_Task directions_:
Whenever a picture appears in the data, skip it and write out all other material exactly.

_Raw data_:
---------------

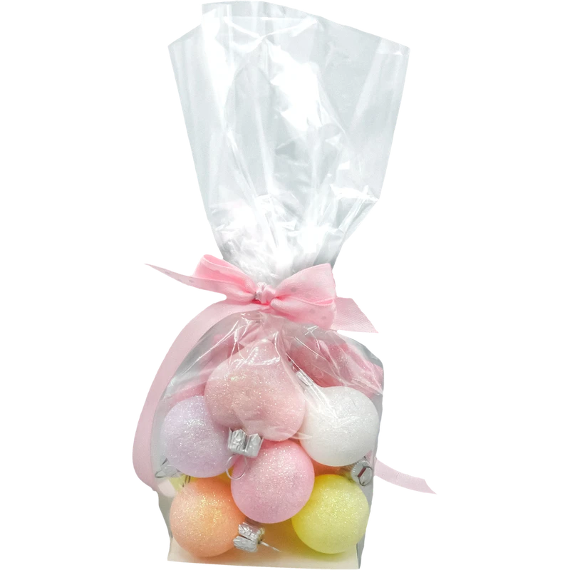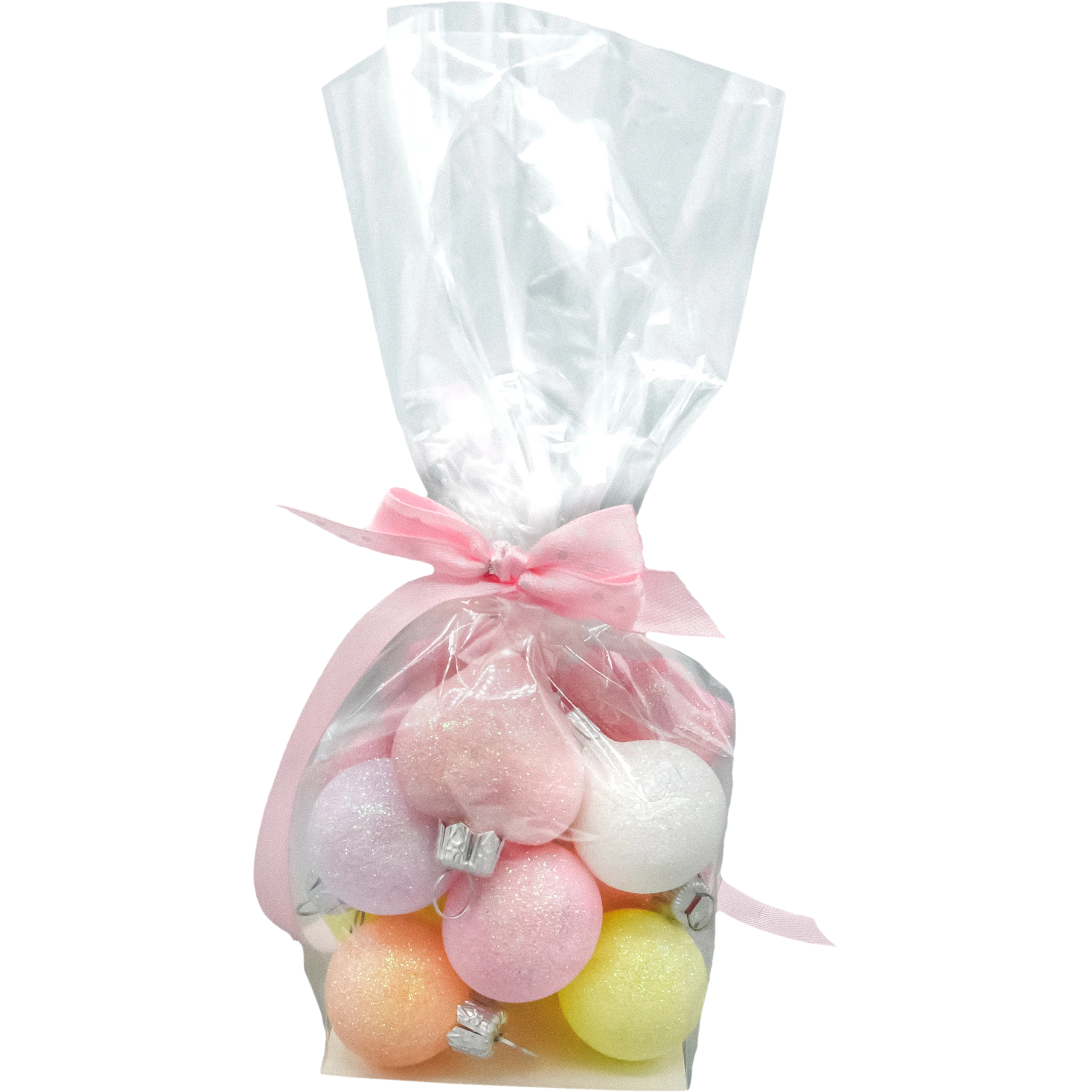 Zestaw pastelowych szklanych bombek choinkowych w celofanowym woreczku – urocza dekoracja świąteczna i gotowy pomysł na prezent. Ręcznie zdobione bombki o średnicy 3 cm w eleganckich kolorach.
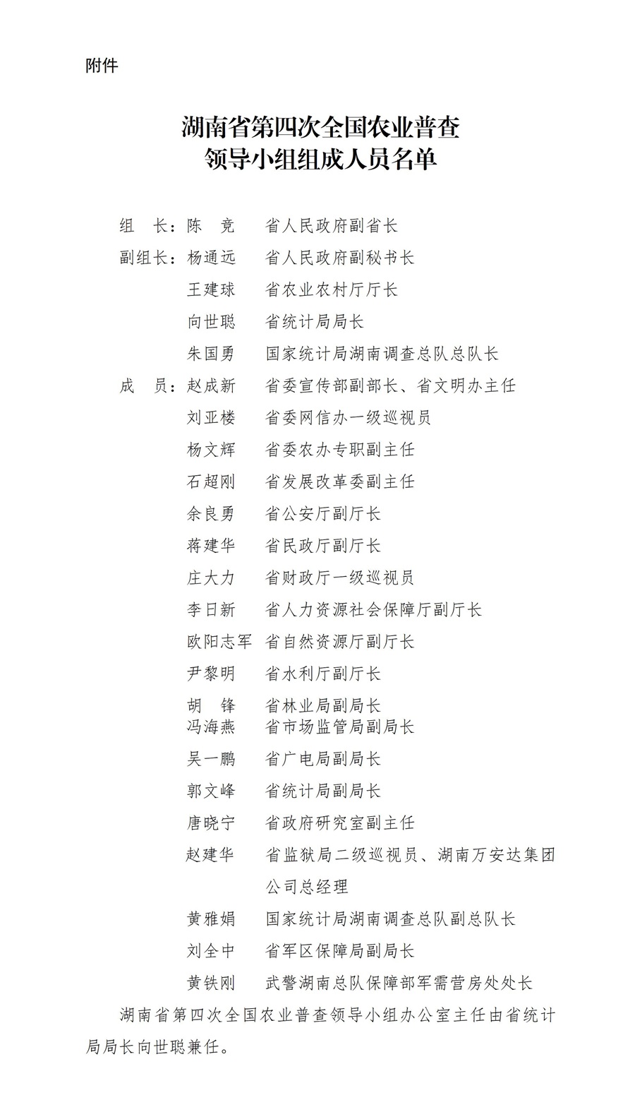 附件:湖南省第四次全國農業(yè)普查領(lǐng)導小組組成人員名單
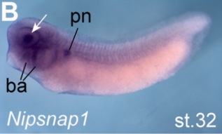 The nipsnap1 gene encodes a tetratricopeptide repeat-containing mitochondrial protein involved in energy metabolism. Expression occurs during embryogenesis, specifically from gastrulation through neuru...[+]

---------------

_Exercise answer_:
 Zestaw pastelowych szklanych bombek choinkowych w celofanowym woreczku – urocza dekoracja świąteczna i gotowy pomysł na prezent. Ręcznie zdobione bombki o średnicy 3 cm w eleganckich kolorach.
 附件:湖南省第四次全國農業(yè)普查領(lǐng)導小組組成人員名單
 The nipsnap1 gene encodes a tetratricopeptide repeat-containing mitochondrial protein involved in energy metabolism. Expression occurs during embryogenesis, specifically from gastrulation through neuru...[+]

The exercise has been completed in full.